Men off watch sit on the messdeck, or sack out in jerkily plunging bunks. The Indian Conally roams the slick upper decks in communion with wind and water, ostensibly checking against things adrift that may crash or vanish. Heat swirls through the grates of the fiddley, where Howard, in time, passing forward to the bridge, sniffs, as if he expects sulphur to rise from the hot depths in which Snow, like a small brown bird, perches beside the engine-order-telegraph and before the great bank of dully gleaming gauges, dials and valves that look like waving, plunging sculpture.

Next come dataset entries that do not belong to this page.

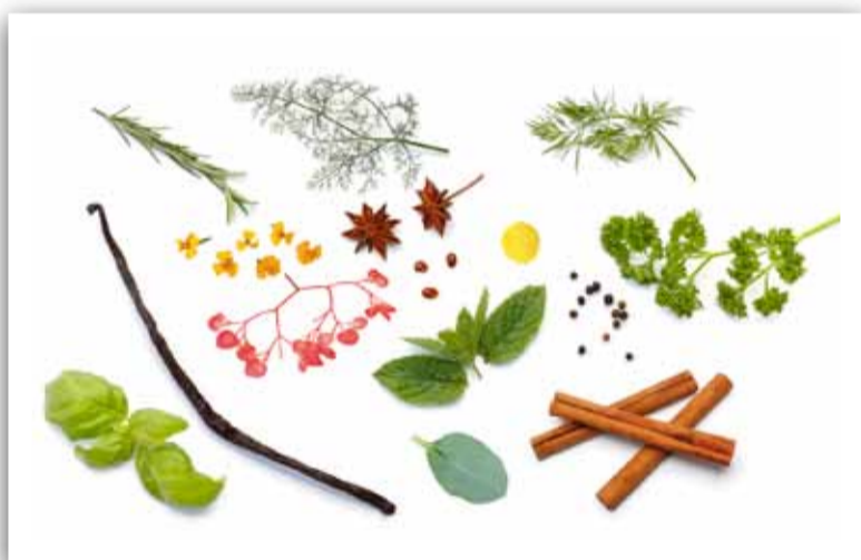
Cressen proeven in Sow to Grow.

Op zaterdag 23 juli zal er opnieuw gelegenheid zijn om in quizvorm smakelijke kiemplanten, ook wel cressen genoemd, te proeven. U bent van 12.00 tot 17.00 uur welkom bij het museum aan de Westerstraat 111 in Enkhuizen.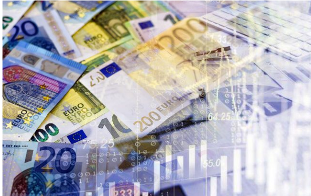
Фото: яким буде курс євро завтра

Нацбанк знову підвищив курс долара на п'ятницю, 17 квітня. А європейська валюта вдруге за тиждень встановлює рекорд.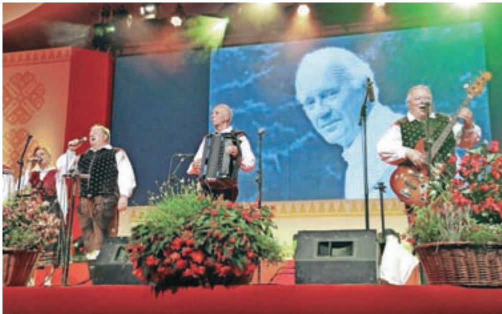
Alpski kvintet je v spomin na Vilka Ovsenika zaigral večnega Pastirčka.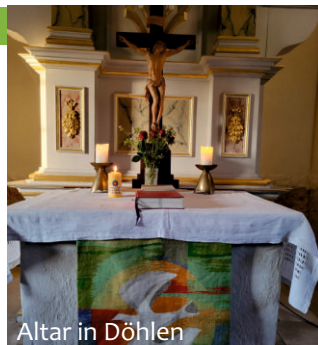
Altar in Döhlen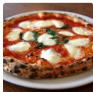
ピッツェリア エトラットリ アダ・マザニエッロ 兵庫県 宝塚・西宮・尼崎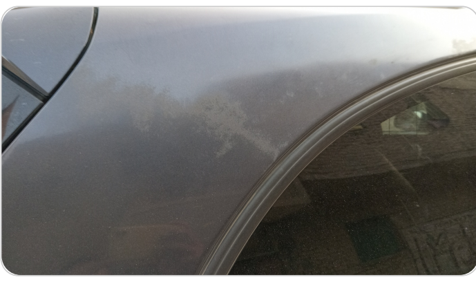
قايم خارجي خلفي يمين : فبريكة (الدهان متآكل)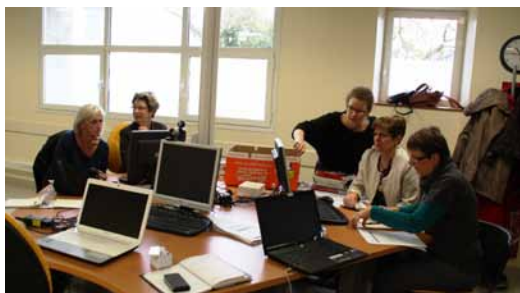
Les bénévoles de la bibliothèque de Barzun en formation sur le logiciel

Depuis plusieurs mois, des ordinateurs ont été installés dans les bibliothèques du réseau. Encore inutilisés, pour la plupart d'entre eux, pour les permanences d'accueil du public, ils fonctionnent pourtant à plein régime dès que les bibliothèques ferment leurs portes. Pour pouvoir prêter les livres informatiquement, les bénévoles du réseau doivent tout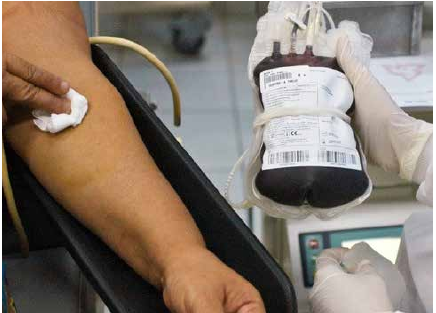
O banco de sangue funciona regularmente de segunda a sexta-feira, de 7h30 às 18h, e fornece o atestado de comparecimento ao doado

O sangue é uma mistura de várias células que se renovam e estão suspensas em um líquido chamado plasma. É ele que leva o oxigênio e nutrientes para todos os tecidos e órgãos do corpo humano. Além de também transportar os hormônios pelo organismo e retirar dos tecidos as sobras das atividades celulares. Ou seja, ele é essencial para a nossa sobrevivência.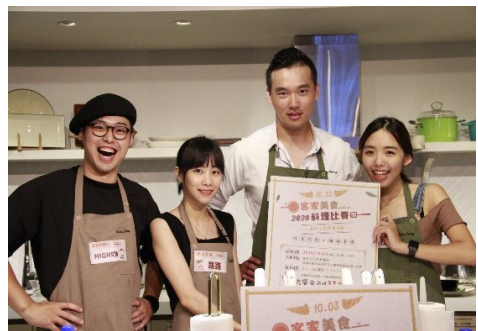
圖 3：2020 客家美食料理比賽網紅線上直播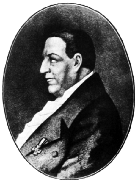
Ф. П. Гааз

Предавшись заботе об участии арестантов с неиссякающей любовью и неустанной энергией,

Howard stands arrested, silenced, emptied, in foreboding, in heart-shocking horror; watching a stance he has seen so often in excursions across this fiddley—the wide-legged, hunch-shouldered concentration of the drowned Cecil Jensen standing on oily plates beside the port engine; a wiping rag dangling from a hip pocket, another rag dangling from one hand. The stance is a collection of tallness compacted to bulk, only a little less unique than a thumbprint.

Howard shudders, reduces a yell, a scream, back into his instinctive interior, and stands in dispraise of his eyes which have fooled him.

It is only Brace standing there, timid, alert, entranced among the heavy voices of the engines.

On the bridge, Dane stands like a brick mortared between loran and radio. He looks seaward, squinty-eyed and thin-mouthed, unimpressed by the hook of Rodgers’s body that dangles headless from the rubber mask over the radar scope. Glass twirls the helm to meet the sea, twirls back, the gyro repeater dances, swings. Levere mutters over the plot. James fiddles with log sheets, waits.

“How’s the set?”

“Sea return, Cap. We could miss a freight train.” Rodgers backs from the radar mask, blinking, a man reconnected.

“Eyes, chief. Call watchstanders.”

The radio pops, blanks.

Abner calling.”

“We’ll take the seaward leg.”

The ships drop their mutual course; Abner climbs the chart to the northwest while Adrian, advancing under the spinning, kicky helm in the hands of the watchful Glass, beats to the southeast.